October 21, 2007
Aside from messing about in boats on the estuary near his holiday house in Rock, a village in Cornwall, few activities delight Philip Mattos quite so much as solving the constellation of challenges involved in creating Galileo-ready receivers targeted to reach European consumers within two years.
Aside from messing about in boats on the estuary near his holiday house in Rock, a village in Cornwall, few activities delight Philip Mattos quite so much as solving the constellation of challenges involved in creating Galileo-ready receivers targeted to reach European consumers within two years.
Mattos is the chief engineer for GPS and navigation at STMicroelectronics R&D Ltd. in Bristol, the largest city in southwest England. Located near the mouth of the River Avon, Bristol’s economy centers on the aerospace industry and information technology. The area’s dependence on navigation traces back to its emergence as a major port city in the 12th century.
And while these facts about his home provide a nice bit of context, nothing really explains Mattos’s genius for GNSS. His prolific contributions, which touch hundreds of millions of people around the globe, seem all the more remarkable considering that the 1948 tractor he keeps for mowing his field represents the peak of technologies associated with his rural English childhood.

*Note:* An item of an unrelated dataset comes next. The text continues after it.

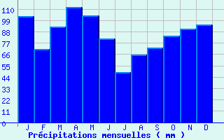 | Jan | Fev | Mars | Avr | Mai | Juin | Juil | Aout | Sept | Oct | Nov | Dec | Année | | Temp. max. (°C) | 7.1 | 7.4 | 9.8 | 11.6 | 15.5 | 19.4 | 22.6 | 22.6 | 19.4 | 15.5 | 10.5 | 8 | 14.2 | | Temp. moy. (°C) | 2.9 | 3.1 | 5.4 | 7.1 | 10.9 | 14.7 | 17.4 | 17.4 | 14.4 | 10.9 | 6.2 | 3.8 | 9.6 | | Temp. min. (°C) | -1.3 | -1.2 | 1 | 2.7 | 6.3 | 9.9 | 12.1 | 12.3 | 9.4 | 6.2 | 1.9 | -0.3 | 5 | | Jan | Fev | Mars | Avr | Mai | Juin | Juil | Aout | Sept | Oct | Nov | Dec | Année | | Jours Tx > 30°C | 0 | 0 | 0 | 0 | 0 | 0.4 | 2.5 | 2.8 | 0.2 | 0 | 0 | 0 | 5.9 | | Jours Tx > 25°C | 0 | 0 | 0 | 0 | 0.9 | 5 | 11.6 | 10.9 | 4 | 0.7 | 0 | 0 | 33.2 | | Jours Tx < 0°C | 2.7 | 2.8 | 1.2 | 0.3 | 0 | 0 | 0 | 0 | 0 | 0 | 0.6 | 1.6 | 9.3 | | Jours Tn < 0°C | 19.3 | 17.7 | 12.5 | 6 | 1.4 | 0 | 0 | 0 | 0 | 1.1 | 8.5 | 16.7 | 83.3 | | Jours Tn < -5°C | 4.8 | 5 | 1.6 | 0.1 | 0 | 0 | 0 | 0 | 0 | 0 | 1.2 | 3.6 | 16.4 | | Jours Tn < -10°C | 0.9 | 0.4 | 0.1 | 0 | 0 | 0 | 0 | 0 | 0 | 0 | 0 | 0.3 | 1.6 | | | | Jan | Fev | Mars | Avr | Mai | Juin | Juil | Aout | Sept | Oct | Nov | Dec | Année | | RR mensuel (mm) | 102.6 | 70.8 | 92.5 | 112.1 | 103.4 | 81.1 | 48.7 | 65.7 | 72.2 | 84.1 | 90.9 | 94.5 | 1018.6 | | Jan | Fev | Mars | Avr | Mai | Juin | Juil | Aout | Sept | Oct | Nov | Dec | Année | | Jours RR > 1mm | 11.1 | 10 | 10.8 | 11.7 | 12.2 | 9.2 | 6.9 | 8.4 | 8.1 | 9.9 | 10.7 | 10.6 | 119.5 | | Jours RR > 5mm | 6.3 | 4.8 | 6.3 | 6.7 | 6 | 4.7 | 3.2 | 3.6 | 4.2 | 4.9 | 5.6 | 5.6 | 61.9 | | Jours RR > 10mm | 3.5 | 2.1 | 3 | 4.2 | 3.6 | 2.6 | 1.5 | 2 | 2.3 | 2.2 | 2.7 | 3 | 32.8 | | | | Jan | Fev | Mars | Avr | Mai | Juin | Juil | Aout | Sept | Oct | Nov | Dec | Année | | Vent moyen (km/h) | 11.9 | 12.6 | 12.2 | 11.5 | 9.7 | 9.4 | 9.4 | 9.4 | 9.7 | 9.4 | 11.2 | 11.9 | 10.8 | | Jan | Fev | Mars | Avr | Mai | Juin | Juil | Aout | Sept | Oct | Nov | Dec | Année | | Jours rafales >= 58km/h | -- | 5.1 | 4.6 | 3.5 | 1.4 | 0.7 | 0.9 | 1.2 | -- | 1.9 | -- | -- | -- | | Jours rafales >= 100km/h | -- | 0.2 | 0.1 | 0 | 0 | 0 | 0 | 0 | -- | 0 | -- | -- | -- |

“Engineering clearly has formed me over the years,” he says with relish. “If something appears broken, take it apart and fix it!”
Since 2004, Mattos has focused on developing a new chip for a project funded by GR-POSTER, the acronym for the Galileo-Ready POSitioning TERminal Consortium. It’s the next big step toward the launch of Europe’s independent satellite navigation system, and Mattos has been breaking trail in this direction for nearly 30 years.
An Early Start in GPS
A Cambridge graduate, Mattos earned bachelor’s and master’s degrees in electronic engineering. His career began at British Telecom Research Labs, the equivalent to Bell Labs in the U.S. “They sponsored me through additional master’s degrees in telecoms and computer science from Essex; so, I was with them for about nine years,” he says. “At the end of my career there I was specializing in the architecture of the actual processor in microcomputers.”
When the British government set up the semiconductor industry in 1979, Mattos was recruited by INMOS (now STMicroelectronics) to help build the transputer, the United Kingdom’s first 32-bit micro. That’s when he happened across a feature in an electronics magazine that inspired him to develop a demonstration application using LORAN. “But there was a hold on the market.” he says. “Nobody wanted LORAN because GPS was ‘just around the corner.’ Of course, it stayed ‘just around the corner’ for about seven more years.”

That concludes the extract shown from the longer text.